The currency of Tanzania is known as the Tanzanian Shilling (TSH, /=). There are 5 notes and 6 coins:

  • Notes – 10000 (Red); 5000 (Violet); 2000 (Brown); 1000 (Blue), and 500 (Green) denominations
  • Coins – 200, 100, 50, 20, 10, and 5 denominations

Notes and coins vary in size and colour. In descending size order, 10000 is the largest note, and 500 is the smallest.

In December 2008, one US dollar was worth about 1315 Tsh. Note that Tanzanian currency exchangers usually have a different exchange rate for different US$ denominations, larger and newer bills having a better exchange rate than older and smaller bills. The difference in the exchange rate between $1/$5 bills and $50/$100 bills may exceed ten percent. Older US $100 notes are no longer accepted in Tanzania, and any note older than 2003 will most likely be refused everywhere. Also, it’s best to avoid attempting to exchange notes with pen marks or any writing on them. Finally, be advised that if you withdraw a large amount of money, in the range of $400 US, you’ll have to carry over 40 notes around!

The 10000 and 5000 notes can be difficult to break when shopping in small shops, a.k.a. Dukas. In Tanzania, it’s usually the customer’s responsibility to provide exact change. But if they do agree to provide change, you could be left with several 1000 and 500 notes of very poor quality. However, you won’t have such problems in large hotels and restaurants catering to foreigners.

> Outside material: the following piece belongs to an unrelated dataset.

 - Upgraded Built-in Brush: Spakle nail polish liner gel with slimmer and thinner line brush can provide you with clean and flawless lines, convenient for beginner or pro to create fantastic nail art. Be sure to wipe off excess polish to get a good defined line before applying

In general, stores, restaurants, and hotels in Tanzania expect payment in Tsh. Exceptions include payment for travel visas, entry fees to national parks (which must be paid in US dollars by non-residents), and payments for safaris and Kilimanjaro treks, which are generally priced in US dollars (though payment will be also accepted in other currencies). On Zanzibar, prices are generally in US dollars (including the ferry fare from Dar es Salaam to Zanzibar), and non-residents are required to pay for hotels with foreign currency (although the hotel will change Tsh for you).

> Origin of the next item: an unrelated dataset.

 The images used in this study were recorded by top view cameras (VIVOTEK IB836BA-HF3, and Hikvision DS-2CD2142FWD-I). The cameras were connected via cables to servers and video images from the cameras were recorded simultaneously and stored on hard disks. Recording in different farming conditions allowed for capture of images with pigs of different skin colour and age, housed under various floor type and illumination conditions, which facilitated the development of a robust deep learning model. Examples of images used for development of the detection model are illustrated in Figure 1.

Most hotels will exchange US dollars, Euros and British Pounds for Tanzanian Shillings. Other currencies, such as Canadian or Australian dollars, may be accepted but at rates far below the going rate. ATMs are mostly located in the city centre and on the Msasani Peninsula. For those wishing to withdraw money from bank accounts back home, in general, Barclay’sStandard CharterCRDB and NBC ATMs work with PLUS and Cirrus compatible cards. Additionally, if you have a PIN code for your credit card, almost all Tanzanian banks with ATMs will allow cash advances on credit cards like VisaMastercard, and American Express. If the ATM reports your home balance in TSh, you may be pleasantly surprised to find that you’re a “shillionaire”.

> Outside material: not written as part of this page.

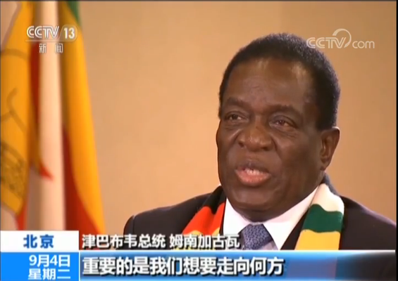 津巴布韦总统 姆南加古瓦:“一带一路”倡议涉及到了各方,我们各个经济体之间,可以互相沟通,可以互相帮助。

Traveller’s Checks have become virtually impossible to cash in almost all banks in Tanzania. For some odd reason, banks will only accept those TCs they have issued. Only hotels will accept checks from their guests, but at a far lesser rate than hard currency — usually at the same rate they give for US$1/$5 notes. Since ATMs are much more prevalent, using credit cards and withdrawals from your personal accounts is much easier and less time-consuming.

Credit Cards can only be used in large hotels, resorts, and with certain travel agents. In short, Tanzania is still a cash society.

FYI: In North America, many banks and financial institutions permit PINs as long as 6 digits for ATM/credit cards. However, in the rest of the world ATMs are programmed to only accept 4 digit PINs. If you have a 5 or 6 digit PIN, you should change it to a 4 digit PIN before you travel.